Jesús dijo a sus discípulos:
¿Qué les parece? Si un hombre tiene cien ovejas, y una de ellas se pierde, ¿no deja las noventa y nueve restantes en la montaña, para ir a buscar la que se extravió?
Y si llega a encontrarla, les aseguro que se alegrará más por ella que por las noventa y nueve que no se extraviaron.
De la misma manera, el Padre que está en el cielo no quiere que se pierda ni uno solo de estos pequeños.

“Dios es un Dios que busca: busca a todos aquellos que están lejos de Él. Como el pastor, que va a buscar a la oveja perdida. El trabajo de Dios es ir a buscar para invitar a la fiesta a todos, buenos y malos. Dios no tolera perder a uno de los suyos.
Pero esta será también la oración de Jesús, en el Jueves Santo: «Padre, que no se pierda ninguno de los que Tú me has dado». Es un Dios que camina para buscarnos y tiene una cierta debilidad de amor por los que están más alejados, que se han perdido… Va y los busca.
¿Y cómo busca? Busca hasta el final, como estos pastores que van en la oscuridad, buscando, hasta que la encuentra; o como la mujer, que cuando pierde la moneda enciende la lámpara, barre la casa y busca con cuidado.
Así busca Dios. A este hijo no lo pierdo, ¡es mío, y no quiero perderlo! Este es nuestro Padre: siempre nos busca”. (Papa Francisco, 7 de noviembre de 2013)

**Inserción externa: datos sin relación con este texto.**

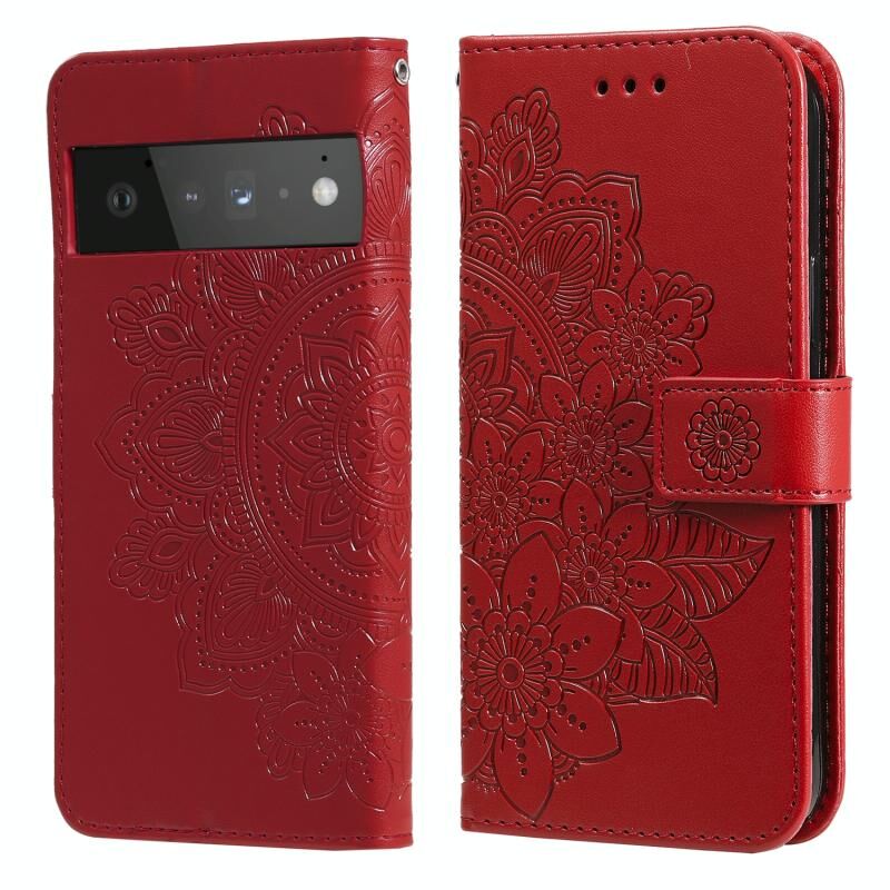 Για το Google Pixel 6 Pro 7-πέταλο λουλούδια ανάγλυφο μοτίβο οριζόντια Flip PU δέρμα υπόθεση με θήκη & υποδοχές για κάρτες & πορτοφόλι & πλαίσιο φωτογραφιών (κόκκινο)

Dios te cubre con sus alas, y te lleva de la mano como a un niño pequeño que él acaricia, que lleva, que adormece dulcemente en su seno. ¡Ah! Ámalo mucho, no mires más que a él, no escuches otras voces que la suya, que él sea todo para ti. (A Querret)

Si me escondo en lo profundo
tu mirada me alcanzará.
Si camino por los valles,
allí tu mano me guiará.

No hay lugar lejano,
no hay sombra que me aparte.
Tu presencia me rodea
y me sigue en todo instante.

¿Adónde iré sin tu presencia,
si tú eres mi respirar?
Eres mi fuerza, mi refugio.
Tu amor me vuelve a levantar.

En la cima de los montes
cantas conmigo sin cesar.
En las noches más oscuras
tu luz me vuelve a alcanzar.

Tuyo soy por siempre.
Mi alma descansa en Ti.
Nunca me dejarás, Señor.
Tu presencia vive en mí.


San Juan Diego Cuauhtlatoatzin (1474–1548) fue un indígena del actual México, conocido por haber recibido las apariciones de la Virgen de Guadalupe en diciembre de 1531. Era un hombre sencillo, humilde y de profunda fe, bautizado alrededor de 1524 tras la llegada de los misioneros franciscanos.
Según la tradición, la Virgen María se le apareció en el cerro del Tepeyac y le pidió que fuera a ver al obispo para solicitar la construcción de un templo en ese lugar. Después de varias visitas, y para que el obispo creyera, la Virgen hizo que brotaran flores de Castilla en pleno invierno y las colocó en la tilma de Juan Diego. Cuando él abrió la tilma frente al obispo, quedó impresa milagrosamente la imagen de la Virgen de Guadalupe, signo que confirmó la veracidad del mensaje.
Tras las apariciones, Juan Diego vivió cerca del santuario del Tepeyac, dedicado a la oración, al servicio de los peregrinos y al anuncio de la fe. Fue reconocido por su santidad, sencillez y obediencia a la voluntad de Dios. San Juan Diego fue canonizado por San Juan Pablo II en 2002.